# Brown pigeons



## jbangelfish (Mar 22, 2008)

These are brown birds that I used to think were silver or dun.
They are very similar to silver and dun in appearance. One way to tell is when they are babies, silver is dilute and will have short down but brown is not dilute and will have normal down. More that my son raised and did not record anything. Silver is also a bit more bluish and will have darker bars and tail bar.

Bill


----------



## Garye (Feb 20, 2005)

I don't know what they are but they're beautiful and cute. Especially the last one who's just looking straight at you.


----------



## jbangelfish (Mar 22, 2008)

*All rollers all hens*



Garye said:


> I don't know what they are but they're beautiful and cute. Especially the last one who's just looking straight at you.
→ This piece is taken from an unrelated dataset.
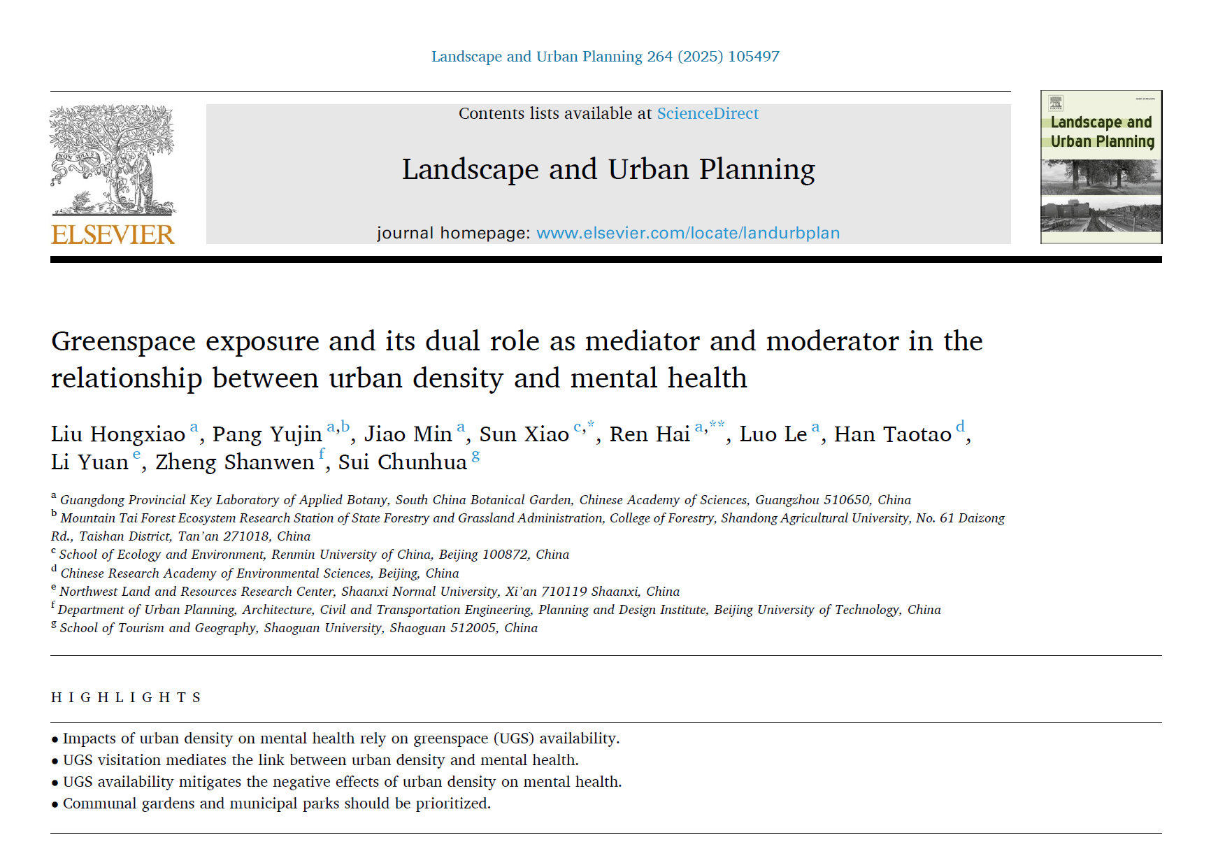 近日,黑料正能量 孙晓副教授作为通讯作者,与合作者的研究论文“Greenspace exposure and its dual role as mediator and moderator in the relationship between urban density and mental health”在景观生态学及城市规划领域国际顶级期刊Landscape and Urban Planning发表。

One is check pattern, one is bar pattern and one is grizzle.

Bill


----------



## Skyeking (Jan 17, 2003)

Great colors on the gals, I love the variations!


----------



## TAWhatley (Mar 6, 2001)

Very pretty birds, Bill! All this genetics stuff has got me going crazy with looking at my own pet birds, the rescues that are here, and the ferals at the duck pond. There are really quite a few lovely brown pigeons in the duck pond flock and one red. Also quite a few black pigeons (my personal favorite), and a few very pretty multi-colored pigeons (grizzle type).

Terry


----------



## jbangelfish (Mar 22, 2008)

*I'm glad to see all the interest*

To me, this stuff is fascinating, whether I'm working with plants, birds or animals, genetics play a very important part and I can learn to produce what I want, even something new. 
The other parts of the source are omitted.